Lalu, bencana itu datang! Ia berdiri di
sana, ia ingat, di pojok kiri gawangnya sendiri. Semua pemain turun membantu
pertahanan. Bahkan Ferdi tak pernah lagi naik melewati garis tengah lapangan
sejak gol penalti lawan tercipta. Ooh, bagaimana mungkin bisa ia lupakan
serangan yang datang begitu bertubi-tubi itu, membuat mereka nyaris
kocar-kacir.
Ya, seolah-olah baru kemarin peristiwa itu
berlangsung. Jelas sekali dalam ingata nnya:
bola itu datang dari depan, menggelinding lurus ke tengah gawang. Aswadi
tersungkur di luar kotak penalti setelah berjumpalitan menahan dua tembakan
beruntun Salim. Aswin berusaha menyapu bola namun luput. Hanya dirinya,
satu-satunya orang yang bisa menghentikan laju bola itu, menyelamatkan gawang
mereka dari kebobolan.
Tetapi entah sudah takdir, atau semata-mata
kesialan. Ah, malapetaka itu seperti diputar ulang dalam benaknya: Kakinya
terpeleset oleh licinnya mulut gawang. Ia kehilangan keseimbangan tepat di saat
ujung sepatu kanannya menyentuh bola! Demikianlah. Berlawanan dengan
kehendaknya menendang bola jauh-jauh ke luar lapangan, si kulit bundar justru
terpelanting keras ke sudut kanan gawang. Tanpa ampun langsung merobek jaring!
Keributan pecah di luar lapangan.
Sorak-sorai suporter lawan seketika teredam oleh teriakan-teriakan marah.
Sebagian penonton bubar berhamburan. Polisi dan petugas keamanan sama sekali
tak berdaya ketika dengan beringas para pemuda kampungnya merangsek ke arah
suporter lawan. Sebagian menyerbu masuk ke dalam lapangan. Belum juga sempat ia
beranjak bangkit, ia merasa bagian belakang kepalanya dihantam benda keras.

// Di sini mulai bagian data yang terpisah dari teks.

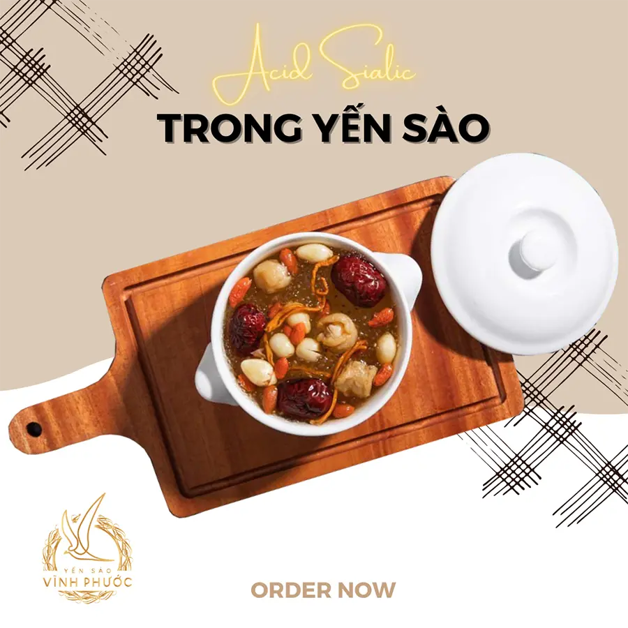 Yến sào chưng sẵn cao cấp Vĩnh Phước cũng là một trong những thực phẩm có nhiều giá trị dinh dưỡng cao. Với sự đa dạng về hương vị, kết hợp thêm nhiều nguyên liệu bổ quý khác như: nhân sâm, đông trùng hạ thảo, hạt sen, hạt chia, táo đỏ, long nhãn, Saffron và collagen,… Tạo nên món ăn dinh dưỡng, thơm ngon, tiện lợi và giàu axit syalic. Đặc biệt, giá thành phù hợp với điều kiện của nhiều gia đình nữa. Vì thế, bạn có thể cân nhắc để lựa chọn sử dụng nhằm tăng cường axit syalic cho cơ thể.

Bagaimana mungkin ia melupakan pertandingan
itu? Kepalanya yang mendapatkan pukulan batang kayu harus menerima lima jahitan
dan diperban lebih dari seminggu. Tak pernah diketahui siapa pemukulnya, bahkan
malam harinya rumahnya sempat dilempari orang tak dikenal.

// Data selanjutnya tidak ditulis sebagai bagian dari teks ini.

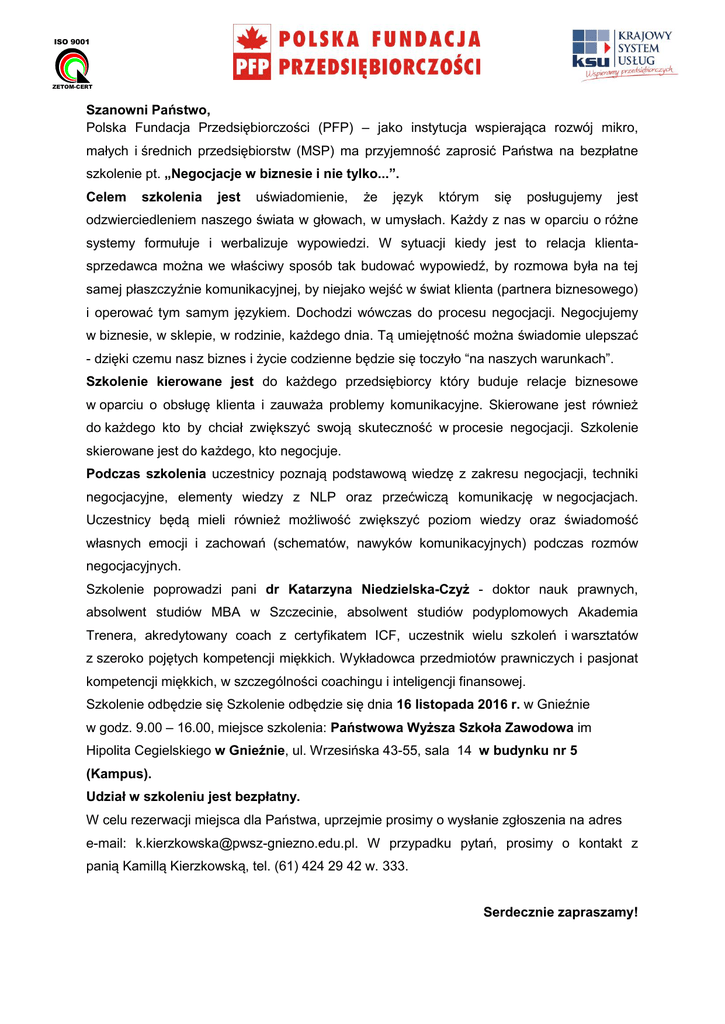 ISO 9001 ZETOM-CERT Szanowni Państwo, Polska Fundacja Przedsiębiorczości (PFP) – jako instytucja wspierająca rozwój mikro, małych i średnich przedsiębiorstw (MSP) ma przyjemność zaprosić Państwa na bezpłatne szkolenie pt. „Negocjacje w biznesie i nie tylko...”. Celem szkolenia jest uświadomienie, że język którym się posługujemy jest odzwierciedleniem naszego świata w głowach, w umysłach. Każdy z nas w oparciu o różne systemy formułuje i werbalizuje wypowiedzi. W sytuacji kiedy jest to relacja klientasprzedawca można we właściwy sposób tak budować wypowiedź, by rozmowa była na tej samej płaszczyźnie komunikacyjnej, by niejako wejść w świat klienta (partnera biznesowego) i operować tym samym językiem. Dochodzi wówczas do procesu negocjacji. Negocjujemy w biznesie, w sklepie, w rodzinie, każdego dnia. Tą umiejętność można świadomie ulepszać - dzięki czemu nasz biznes i życie codzienne będzie się toczyło “na naszych warunkach”. Szkolenie kierowane jest do każdego przedsiębiorcy który buduje relacje biznesowe w oparciu o obsługę klienta i zauważa problemy komunikacyjne. Skierowane jest również do każdego kto by chciał zwiększyć swoją skuteczność w procesie negocjacji. Szkolenie skierowane jest do każdego, kto negocjuje. Podczas szkolenia uczestnicy poznają podstawową wiedzę z zakresu negocjacji, techniki negocjacyjne, elementy wiedzy z NLP oraz przećwiczą komunikację w negocjacjach. Uczestnicy będą mieli również możliwość zwiększyć poziom wiedzy oraz świadomość własnych emocji i zachowań (schematów, nawyków komunikacyjnych) podczas rozmów negocjacyjnych. Szkolenie poprowadzi pani dr Katarzyna Niedzielska-Czyż - doktor nauk prawnych, absolwent studiów MBA w Szczecinie, absolwent studiów podyplomowych Akademia Trenera, akredytowany coach z certyfikatem ICF, uczestnik wielu szkoleń i warsztatów z szeroko pojętych kompetencji miękkich. Wykładowca przedmiotów prawniczych i pasjonat kompetencji miękkich, w szczególności coachingu i inteligencji finansowej. Szkolenie odbędzie się Szkolenie odbędzie się dnia 16 listopada 2016 r. w Gnieźnie w godz. 9.00 – 16.00, miejsce szkolenia: Państwowa Wyższa Szkoła Zawodowa im Hipolita Cegielskiego w Gnieźnie, ul. Wrzesińska 43-55, sala 14 w budynku nr 5 (Kampus). Udział w szkoleniu jest bezpłatny. W celu rezerwacji miejsca dla Państwa, uprzejmie prosimy o wysłanie zgłoszenia na adres e-mail: [email protected]. W przypadku pytań, prosimy o kontakt z panią Kamillą Kierzkowską, tel. (61) 424 29 42 w. 333. Serdecznie zapraszamy! ISO 9001 ZETOM-CERT Program szkolenia „Negocjacje w biznesie i nie tylko” Godzina Temat zajęć 9.00 – 9.15 Powitanie uczestników i wprowadzenie 9.15 – 10.30 Zintegrowanie grupy Dynamika negocjacji: -przygotowanie i planowanie w negocjacjach -uwzględnienie teoretycznych aspektów negocjacji – BATNA, ZOPA i CENA GRANICZNA 10.30 – 10.45 10.45 – 12.15 12.15 – 12.45 12.30 – 14.00 14.00 – 14.15 14.15 – 16.00 16.00 Przerwa Komunikacja w negocjacjach: -postawy negocjacyjne, -style w negocjacjach: win/win, negojacje miękkie/twarde) -cel negocjacji, np. typu SMART, a pozycja partnerów (cw. na wartości i umiejętność panowania nad emocjami, budowanie pewności siebie i asertywność negocjatora) . -komunikacja werbalna/niewerbalna; pytania otwarte/pytania zamknięte; język ciała w negocjacjach Przerwa Techniki wywierania wpływu w negocjacjach – przedstawienie oraz przećwiczenie w formie warsztatowej technik: -pierwsza oferta -”próbny balon” -wzbudzanie współczucia -wycofywanie się -bagatelizowanie/straszenie konkurencją itp. Przerwa Techniki wywierania wpływu w negocjacjach – przedstawienie oraz przećwiczenie w formie warsztatowej technik: -pierwsza oferta -”próbny balon” -wzbudzanie współczucia -wycofywanie się -bagatelizowanie/straszenie konkurencją itp. Zakończenie szkolenia

Itulah terakhir kalinya ia bermain bola.
Karena dua minggu berselang, hanya tiga hari setelah ia menerima ijazah
kelulusan SMA-nya, ayahnya memanggilnya selepas magrib.
“Paman Hanif menanyakanmu,” kata ayahnya
ketika itu, sambil menatapnya cemas. “Ada salam dari bibimu,” ibunya
menambahkan. Perempuan itu memperhatikan perban di kepalanya dengan sedih. Ia
ingat, bagaimana ia hanya bisa tertunduk di sisi meja ruang tengah.
“Kau mau kuliah?” tanya sang ayah kemudian.
Ia cuma mengangguk kecil. Sejak itu, kakinya tak pernah lagi menyentuh bola.
Tak pernah sekalipun ia datang ke lapangan atau stadion.
Ai, kalau bukan karena Riko merengek
terus-menerus sehingga membuat istrinya sewot, takkan pernah ia menginjakkan
kaki di stadion ini, pikirnya getir. Meskipun ia tahu, anak semata wayangnya
sangatlah menyukai sepak bola.
Suasana di depan stadion besar itu semakin
tegang, semakin panas. Langit siang seakan ikut memerah.